▸ **Task directions**: Print exactly the lines below between the line containing "Pour préparer le" and the line containing "(250728) -- SDEROT, 28", counting both of those lines. Leave pictures out.

▸ **Given information**:

Start of Block

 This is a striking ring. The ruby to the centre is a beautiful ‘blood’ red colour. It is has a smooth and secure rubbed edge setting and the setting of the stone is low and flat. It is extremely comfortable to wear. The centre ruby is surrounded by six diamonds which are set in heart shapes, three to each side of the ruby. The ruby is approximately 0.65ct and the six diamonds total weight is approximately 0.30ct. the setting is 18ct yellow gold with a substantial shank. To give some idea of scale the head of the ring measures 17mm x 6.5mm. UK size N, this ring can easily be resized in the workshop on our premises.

End of Block
Start of Block

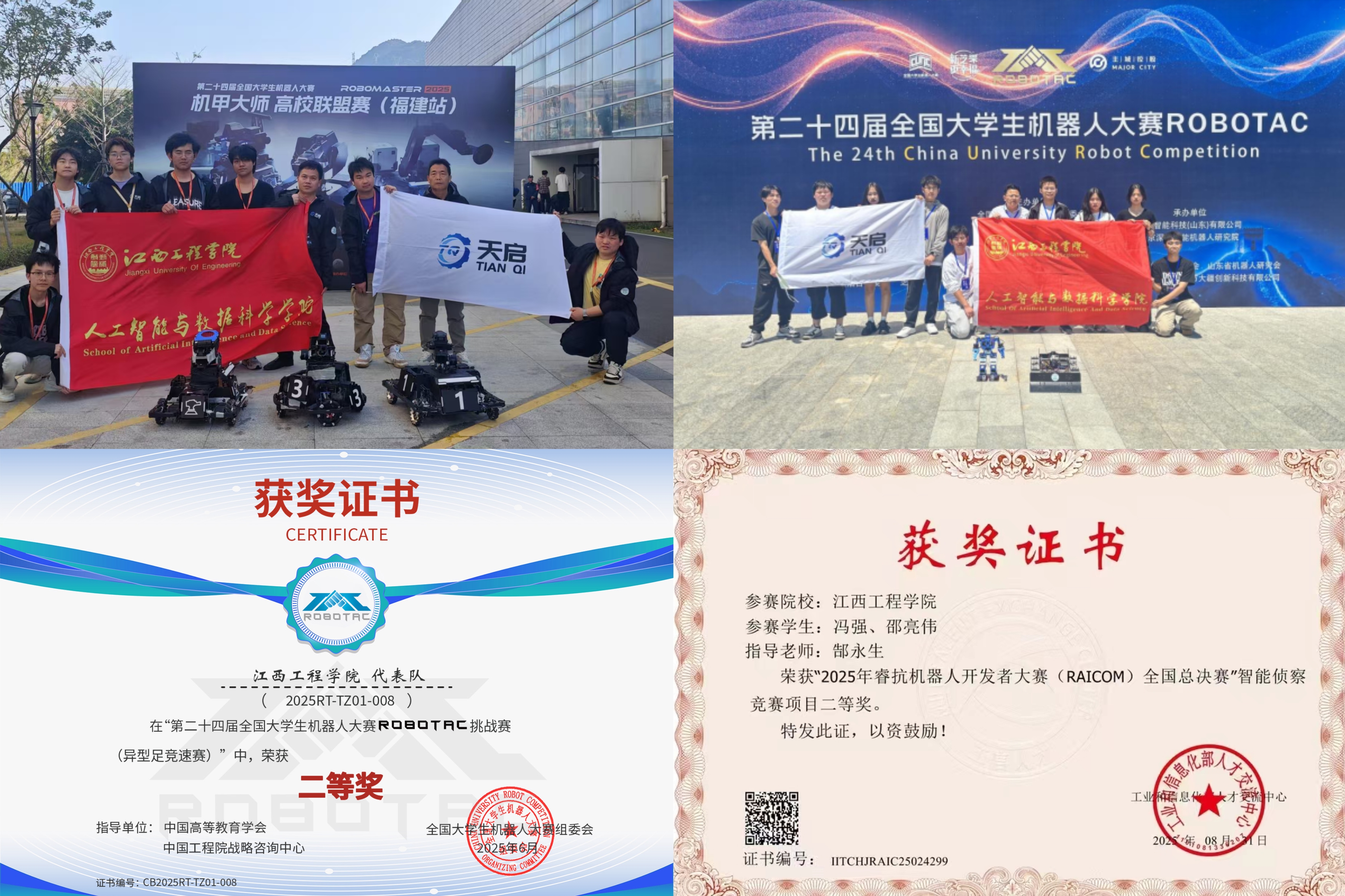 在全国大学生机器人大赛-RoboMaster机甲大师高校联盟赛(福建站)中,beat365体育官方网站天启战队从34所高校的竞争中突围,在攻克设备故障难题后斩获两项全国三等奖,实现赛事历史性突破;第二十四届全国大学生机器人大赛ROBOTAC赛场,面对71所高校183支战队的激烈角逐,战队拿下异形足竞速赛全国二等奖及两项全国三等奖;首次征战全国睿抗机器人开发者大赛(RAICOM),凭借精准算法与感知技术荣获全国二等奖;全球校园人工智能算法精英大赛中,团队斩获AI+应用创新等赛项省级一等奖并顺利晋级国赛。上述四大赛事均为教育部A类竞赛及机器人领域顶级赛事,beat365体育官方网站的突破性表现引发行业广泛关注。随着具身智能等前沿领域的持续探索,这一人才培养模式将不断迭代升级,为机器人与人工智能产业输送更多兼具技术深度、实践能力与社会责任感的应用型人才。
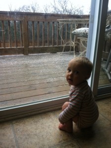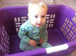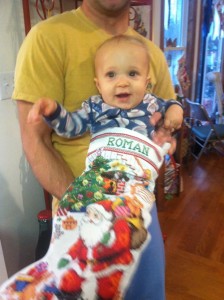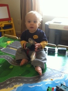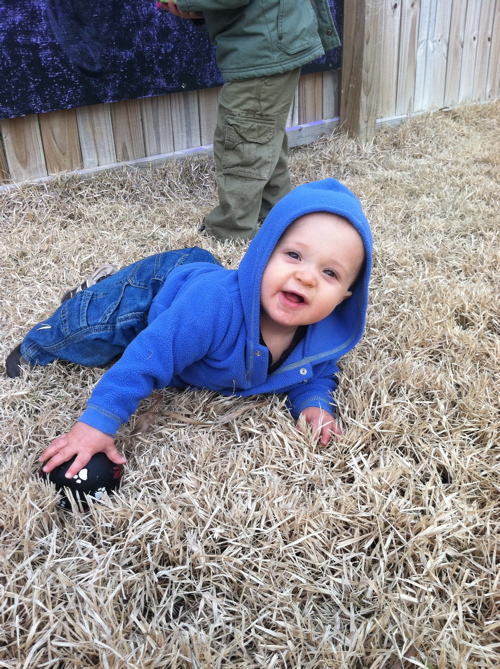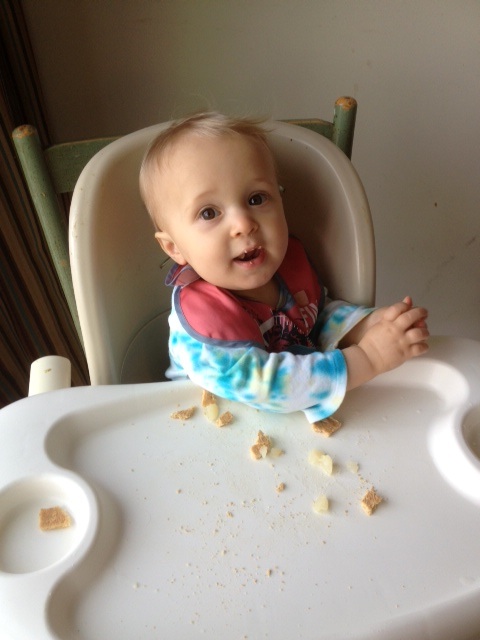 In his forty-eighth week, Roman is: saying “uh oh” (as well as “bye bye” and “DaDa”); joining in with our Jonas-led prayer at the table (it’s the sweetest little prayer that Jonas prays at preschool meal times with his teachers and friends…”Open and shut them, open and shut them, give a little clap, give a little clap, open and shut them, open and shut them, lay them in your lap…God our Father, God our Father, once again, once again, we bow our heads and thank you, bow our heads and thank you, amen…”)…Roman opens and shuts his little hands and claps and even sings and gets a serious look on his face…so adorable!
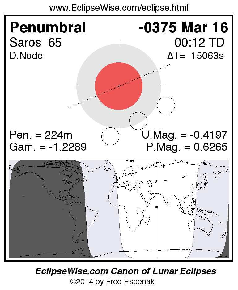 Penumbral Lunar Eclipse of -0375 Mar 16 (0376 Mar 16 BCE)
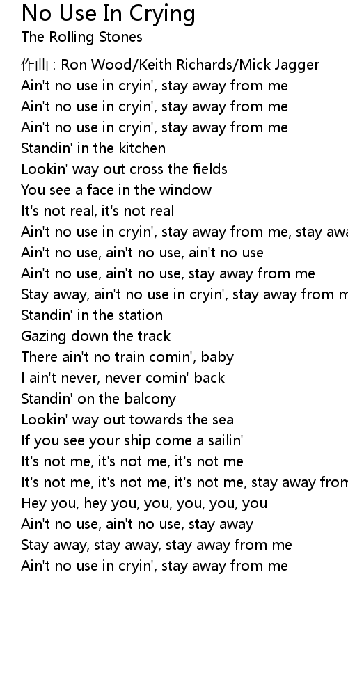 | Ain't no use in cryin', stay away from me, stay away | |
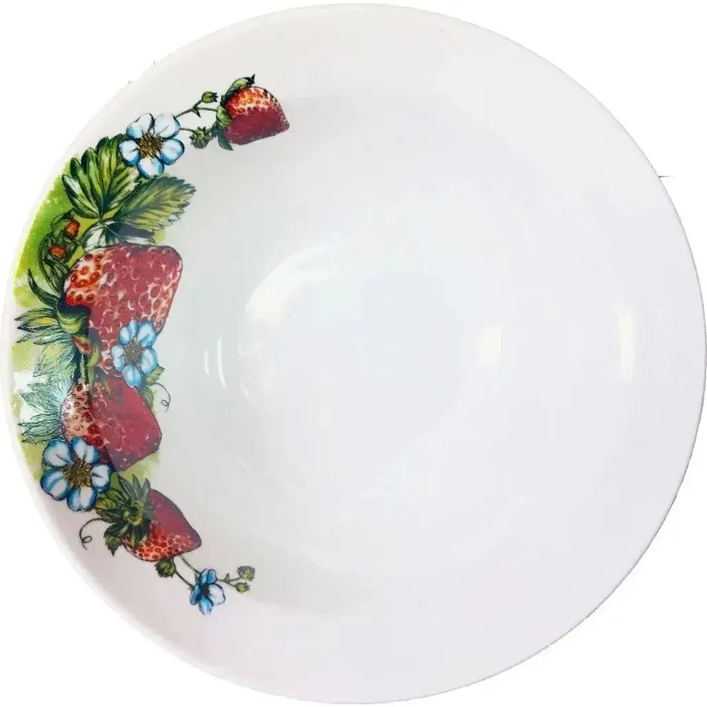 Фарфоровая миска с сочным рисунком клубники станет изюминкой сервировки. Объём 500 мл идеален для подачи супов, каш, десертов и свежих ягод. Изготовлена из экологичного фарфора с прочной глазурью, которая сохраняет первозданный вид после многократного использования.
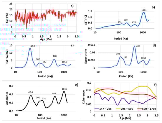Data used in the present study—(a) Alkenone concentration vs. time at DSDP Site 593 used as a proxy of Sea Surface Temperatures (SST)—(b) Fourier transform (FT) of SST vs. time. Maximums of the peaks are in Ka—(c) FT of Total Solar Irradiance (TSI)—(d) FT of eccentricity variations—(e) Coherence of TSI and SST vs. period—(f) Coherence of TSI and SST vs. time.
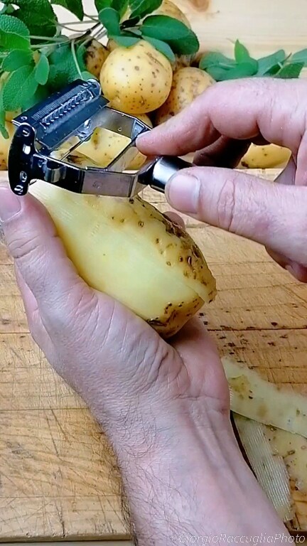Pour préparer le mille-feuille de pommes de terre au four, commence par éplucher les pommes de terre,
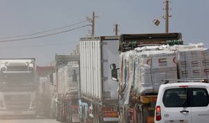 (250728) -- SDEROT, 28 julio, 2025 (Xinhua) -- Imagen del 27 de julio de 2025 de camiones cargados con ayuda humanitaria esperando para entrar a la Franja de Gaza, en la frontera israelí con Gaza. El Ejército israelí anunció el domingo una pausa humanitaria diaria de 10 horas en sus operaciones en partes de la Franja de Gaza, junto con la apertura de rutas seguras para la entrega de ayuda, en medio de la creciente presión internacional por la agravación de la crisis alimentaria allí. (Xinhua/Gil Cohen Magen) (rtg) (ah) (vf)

End of Block

▸ **Task result**:
Pour préparer le mille-feuille de pommes de terre au four, commence par éplucher les pommes de terre,
 (250728) -- SDEROT, 28 julio, 2025 (Xinhua) -- Imagen del 27 de julio de 2025 de camiones cargados con ayuda humanitaria esperando para entrar a la Franja de Gaza, en la frontera israelí con Gaza. El Ejército israelí anunció el domingo una pausa humanitaria diaria de 10 horas en sus operaciones en partes de la Franja de Gaza, junto con la apertura de rutas seguras para la entrega de ayuda, en medio de la creciente presión internacional por la agravación de la crisis alimentaria allí. (Xinhua/Gil Cohen Magen) (rtg) (ah) (vf)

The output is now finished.